_TASK DETAILS_
Would you please set down the data again exactly as given, excluding the pictures?

_INFORMATION SHOWN_
--- START ---

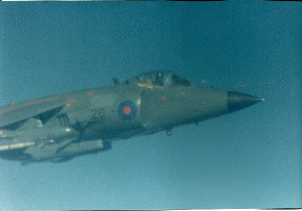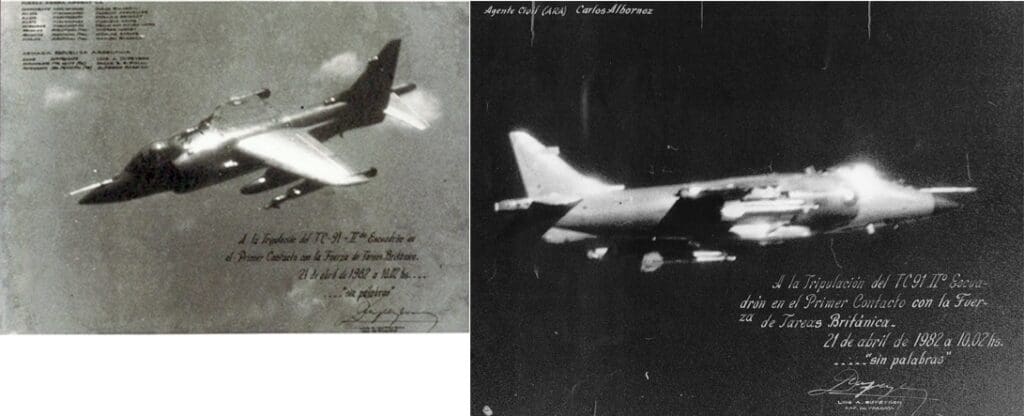 Sin embargo, el avistamiento de la fuerza de tareas británica no sería sin consecuencias. Aproximadamente a las 1250, el TC-91 es interceptado y escoltado por un caza Sea Harrier FRS.1 del 800 Naval Air Squadron al mando del Lieutenant S. Hargreaves. Minutos antes, el novato piloto naval se estaba alistando para realizar un nuevo vuelo de entrenamiento desde la cubierta del HMS “Hermes”, cuando llegó el aviso de un contacto radar. Con el tiempo en contra, el personal de armamento pudo reconfigurar al Sea Harrier con dos misiles aire-aire AIM-9L Sidewinder, debiendo despegar sin disponer de munición para sus cañones ADEN de 30mm.
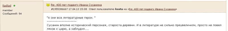 Ответ на сообщение Re: 400 лет подвигу Ивана Сусанина пользователя lladlad
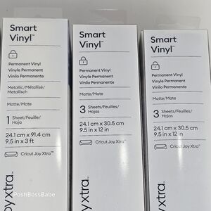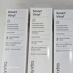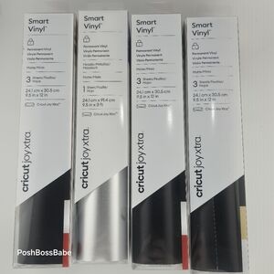 Cricut Joy Xtra Smart Permanent Vinyl Elegance Sampler Create colorful projects like a pro with the Cricut Joy Xtra Smart Vinyl Permanent - Elegance Sampler - a perfect long-lasting transfer vinyl that works without a cutting mat with the Cricut Joy Xtra machine and brings your crafts to life without getting worn out over time. Measuring (9.5in x 12in), each pack contains 3 sheets in White, Black, and Red, one each. Easily transfer your designs, labels, and stickers onto finished custom-decorative items. Just cut the pattern/figure stencil on the vinyl, weed away the excess, transfer it onto the transfer tape (sold separately), press down on the object of choice, and burnish it with a scraper or credit card. Voila! Your design transfers seamlessly, and permanently, onto the object. These vinyl sheets are easy to use and can transfer even the most intricate designs to smooth, non-textured surfaces with ultimate precision. Be it lettering your mugs, cups, and bottles, creating signs for home and car, making custom labels for the kitchen, or even for outdoor use. Joy Xtra smart Cricut vinyl Permanent is all-weather resistant, fade-proof, and water and UV-safe so you can wash your mugs/containers multiple times and your vinyl design will still stick around.

--- END ---

_RESULT_
 Sin embargo, el avistamiento de la fuerza de tareas británica no sería sin consecuencias. Aproximadamente a las 1250, el TC-91 es interceptado y escoltado por un caza Sea Harrier FRS.1 del 800 Naval Air Squadron al mando del Lieutenant S. Hargreaves. Minutos antes, el novato piloto naval se estaba alistando para realizar un nuevo vuelo de entrenamiento desde la cubierta del HMS “Hermes”, cuando llegó el aviso de un contacto radar. Con el tiempo en contra, el personal de armamento pudo reconfigurar al Sea Harrier con dos misiles aire-aire AIM-9L Sidewinder, debiendo despegar sin disponer de munición para sus cañones ADEN de 30mm.
 Ответ на сообщение Re: 400 лет подвигу Ивана Сусанина пользователя lladlad
 Cricut Joy Xtra Smart Permanent Vinyl Elegance Sampler Create colorful projects like a pro with the Cricut Joy Xtra Smart Vinyl Permanent - Elegance Sampler - a perfect long-lasting transfer vinyl that works without a cutting mat with the Cricut Joy Xtra machine and brings your crafts to life without getting worn out over time. Measuring (9.5in x 12in), each pack contains 3 sheets in White, Black, and Red, one each. Easily transfer your designs, labels, and stickers onto finished custom-decorative items. Just cut the pattern/figure stencil on the vinyl, weed away the excess, transfer it onto the transfer tape (sold separately), press down on the object of choice, and burnish it with a scraper or credit card. Voila! Your design transfers seamlessly, and permanently, onto the object. These vinyl sheets are easy to use and can transfer even the most intricate designs to smooth, non-textured surfaces with ultimate precision. Be it lettering your mugs, cups, and bottles, creating signs for home and car, making custom labels for the kitchen, or even for outdoor use. Joy Xtra smart Cricut vinyl Permanent is all-weather resistant, fade-proof, and water and UV-safe so you can wash your mugs/containers multiple times and your vinyl design will still stick around.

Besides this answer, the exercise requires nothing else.